Dataset records:
════════════════════
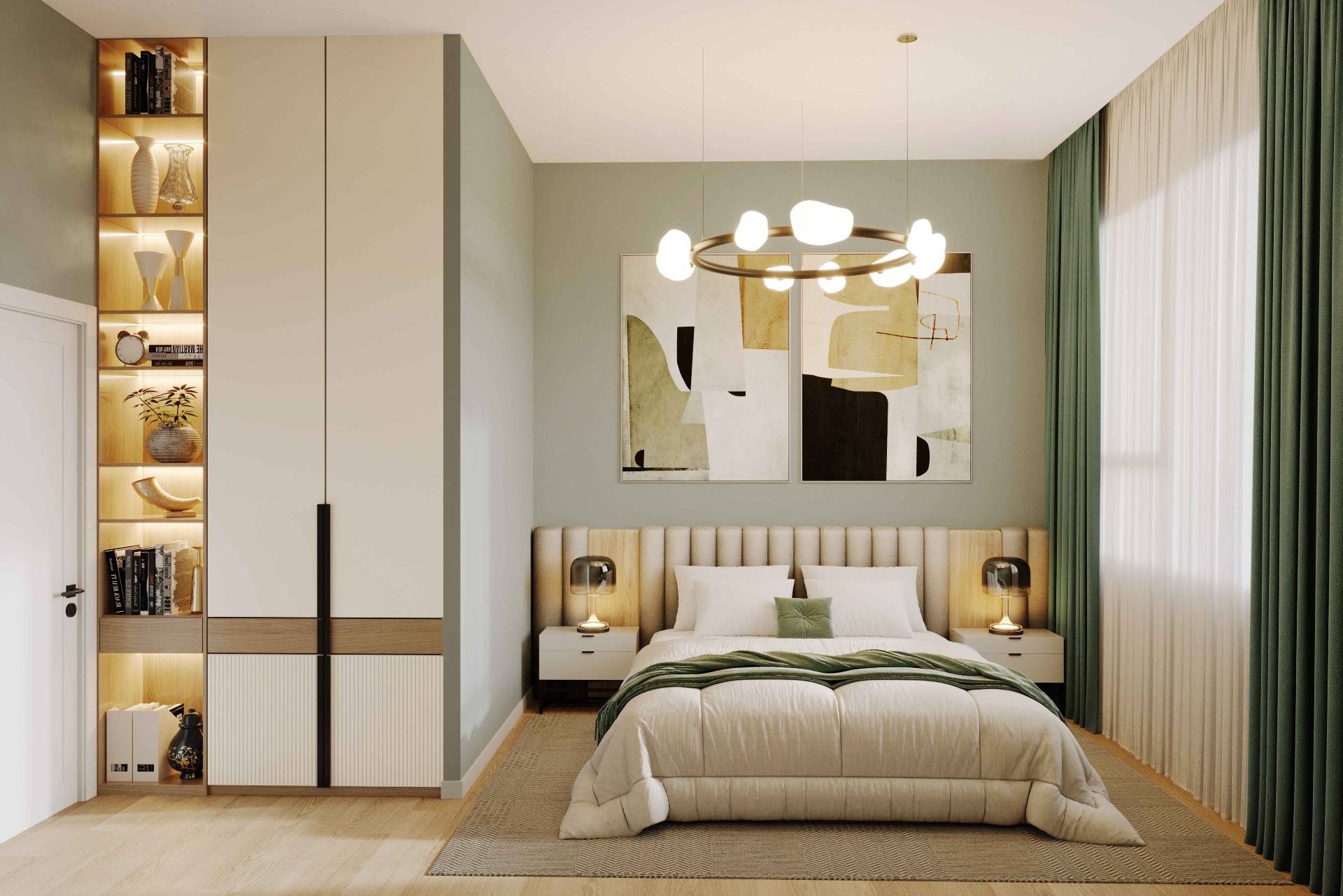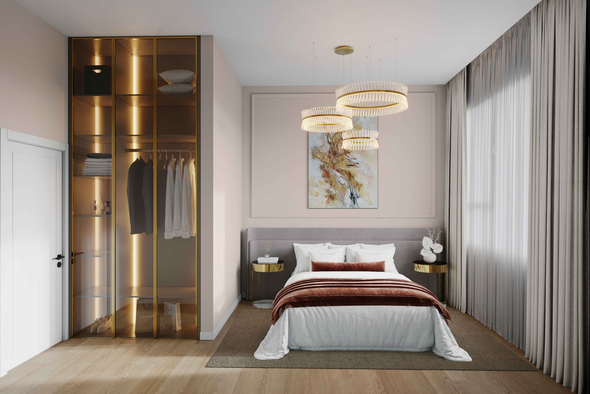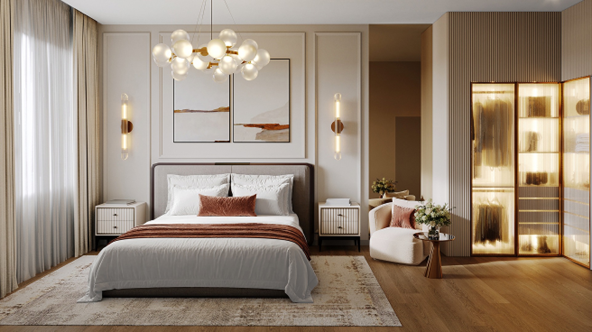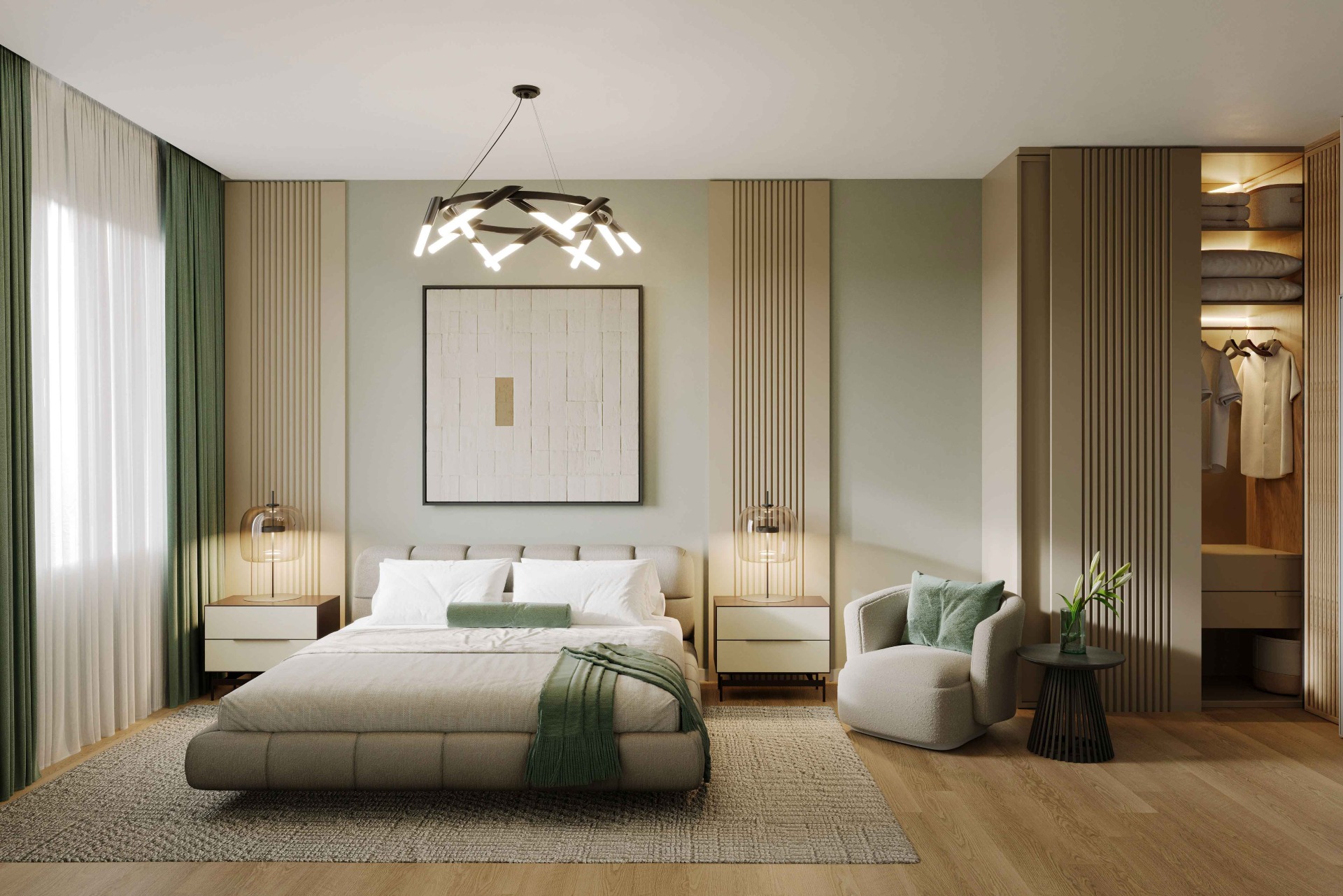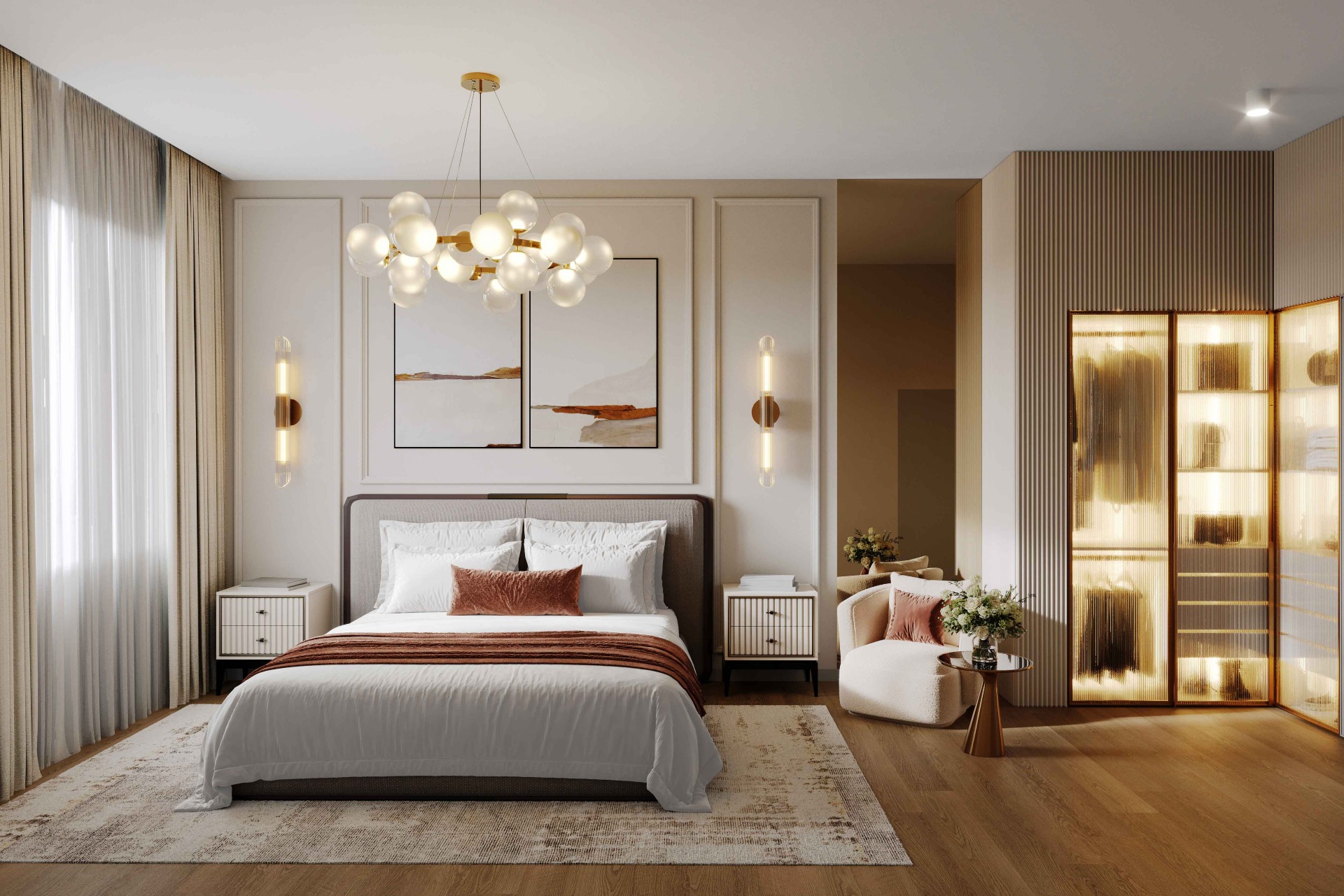 Место силы счастливчиков: уединённая спальня с отдельным санузлом и гардеробной. Спокойный отдых, даже если в гостиной кипит жизнь.
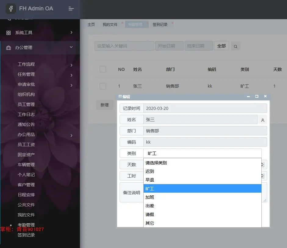24. 员工管理:和组织机构部门管理,可以绑定登录系统用户,授权数据权限
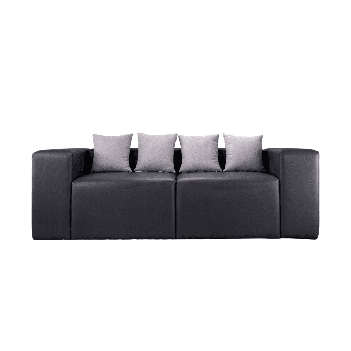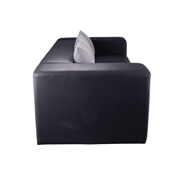 انتريه مكتب جلد أسود هى قطعة أساسية لأي مساحة عمل تبحث عن التميز . بلون أسود كلاسيكي، الانتريه مغطى بجلد صناعي عالي الجودة, وذراعين جانبيين, وأربع وسائد باللون الرمادي لتوفير الدعم المطلوب أثناء الجلوس.
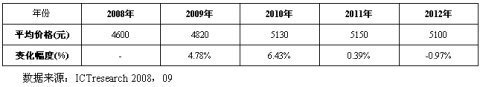 表9 2008-2012年中國機柜市場產(chǎn)品平均銷售價格預(yù)測
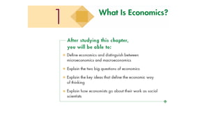This document provides an overview of graphing data in economics. It discusses three main types of graphs used - time-series graphs, cross-section graphs, and scatter diagrams. Time-series graphs show a variable over time, cross-section graphs compare variables across groups, and scatter diagrams show the relationship between two variables. The document also discusses key graph elements like axes, trends, slopes, and using graphs to understand relationships between multiple variables.
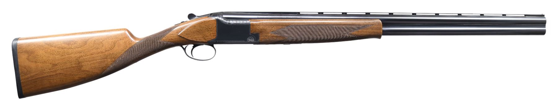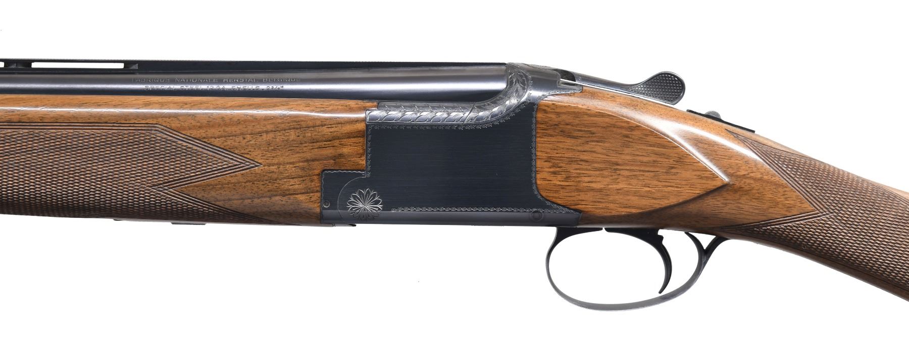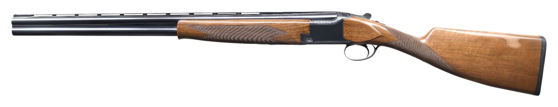 Cal. 12 ga. 2 3/4". S# 61207S77. Bbls. 26 1/2" vent rib w/ steel bead. Fixed Full & Full chokes. Blued receiver has borderline engraving. Blued SST. Ejectors. Schnable tipped forearm & swan's neck walnut stock w/ hand checkering. LOP: 14 5/8" over an aftermarket thin black Old English pad (stock has not been shortened). WEIGHT: 6 lbs, 12.4 oz. Mfg. 1977 in Belgium. UNATTACHED ACCESSORIES: non-matching foam-lined Browning box. CONDITION: over 98% original blue showing small marks at bottom of bbl. lugs. Very good original stock finish & checkering having small handling marks & a spot of finish loss at the left side of comb. Action is tight w/ top lever sitting right of center. Bright near excellent bores. (25-903/DS). MODERN. $2,200-3,000.
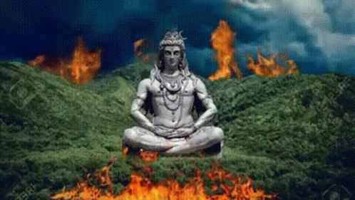 A majestic statue of Lord Shiva, also known as Shivay Dev, meditates in a lotus position surrounded by flames.
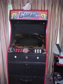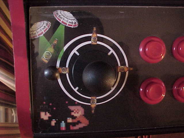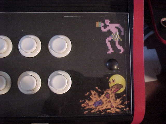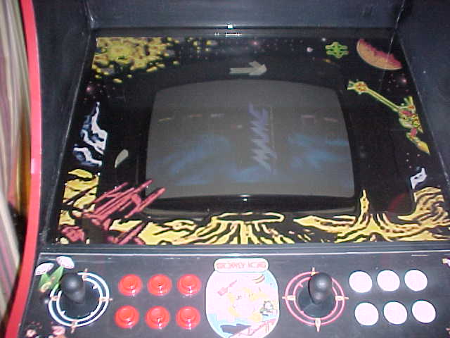 A friend of Gerald's helped him with the artwork for the cabinet.  The original cabinet was in fairly bad shape, so Gerald redid the artwork with some custom graphics...
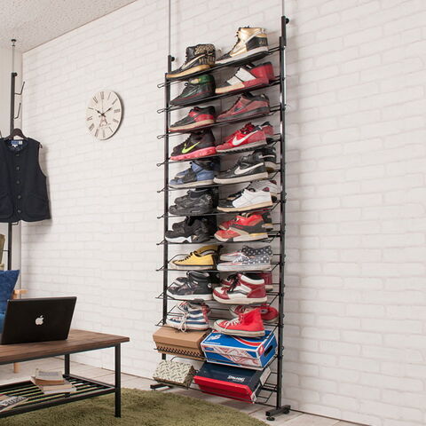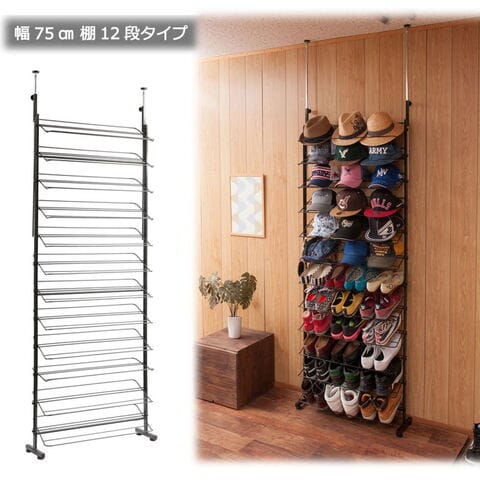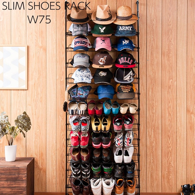 シューズラック 幅75 スリム 薄型 ブラック スチール つっぱり シューズラック 靴箱 ディスプレイラック 靴置き 靴収納 スニーカー 玄関 スリッパ 薄型 下駄箱 省スペース すきま ウォールラック【送料無料】
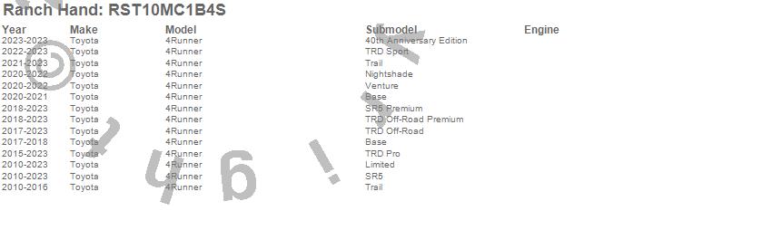 Below is an abbreviated list of applications for the Legend Running Steps.4Runner, Toyota, 2023, 2022, 2021, 2020, 2019, 2018, 2017, 2016, 2015, 2014, 2013, 2012, 2011, 2010
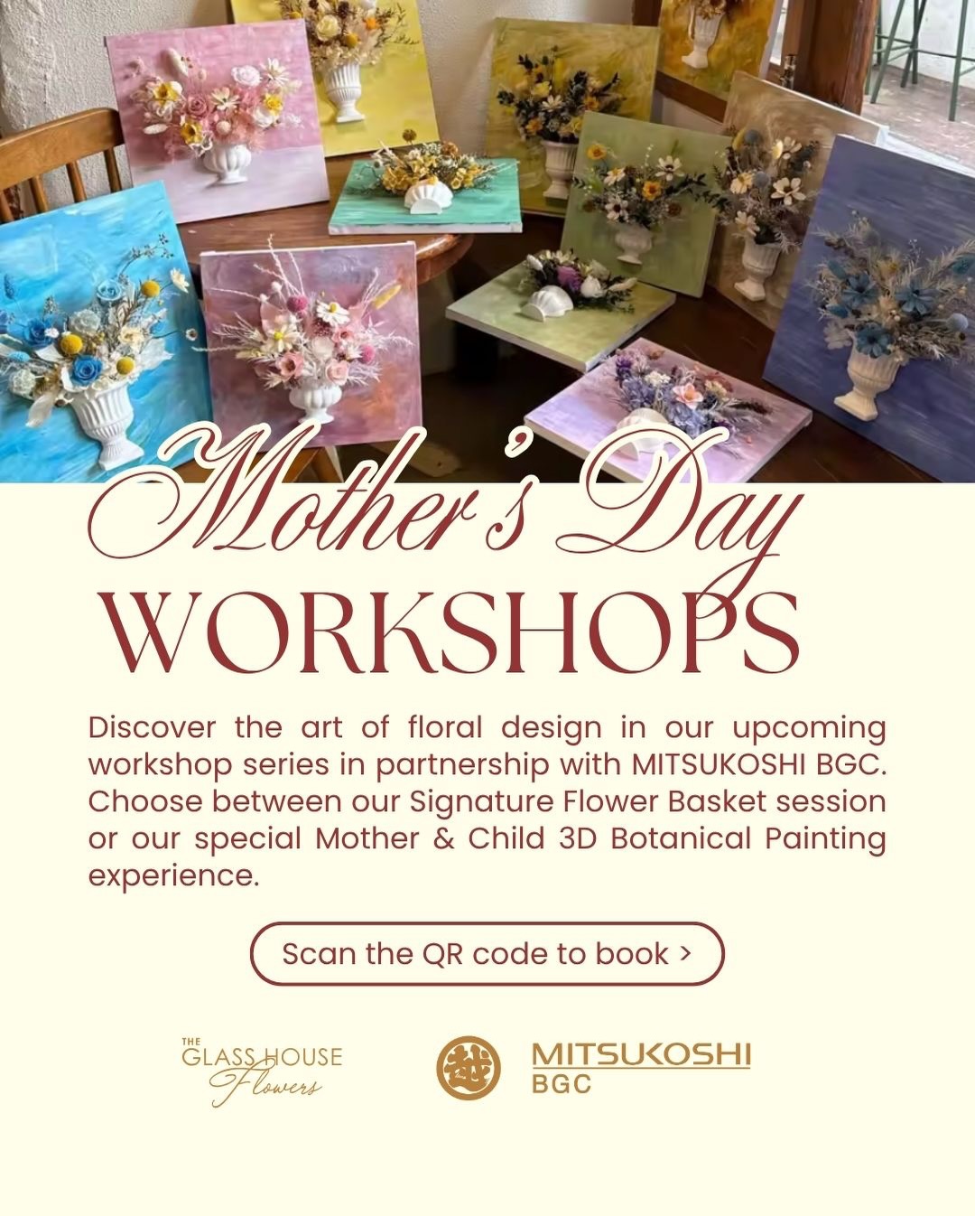 This Mother’s Day, The Glass House Flowers invites families to its pop-up studio at MITSUKOSHI BGC for a floral workshop series. Guests may choose between two sessions: the Signature Flower Basket Arrangement or the Preserved Flower 3D Painting experience.
════════════════════
Working from the line containing "シューズラック 幅75 スリム" to the last line of the data, retype every line exactly, both ends included, and leave out all pictures.

 シューズラック 幅75 スリム 薄型 ブラック スチール つっぱり シューズラック 靴箱 ディスプレイラック 靴置き 靴収納 スニーカー 玄関 スリッパ 薄型 下駄箱 省スペース すきま ウォールラック【送料無料】
 Below is an abbreviated list of applications for the Legend Running Steps.4Runner, Toyota, 2023, 2022, 2021, 2020, 2019, 2018, 2017, 2016, 2015, 2014, 2013, 2012, 2011, 2010
 This Mother’s Day, The Glass House Flowers invites families to its pop-up studio at MITSUKOSHI BGC for a floral workshop series. Guests may choose between two sessions: the Signature Flower Basket Arrangement or the Preserved Flower 3D Painting experience.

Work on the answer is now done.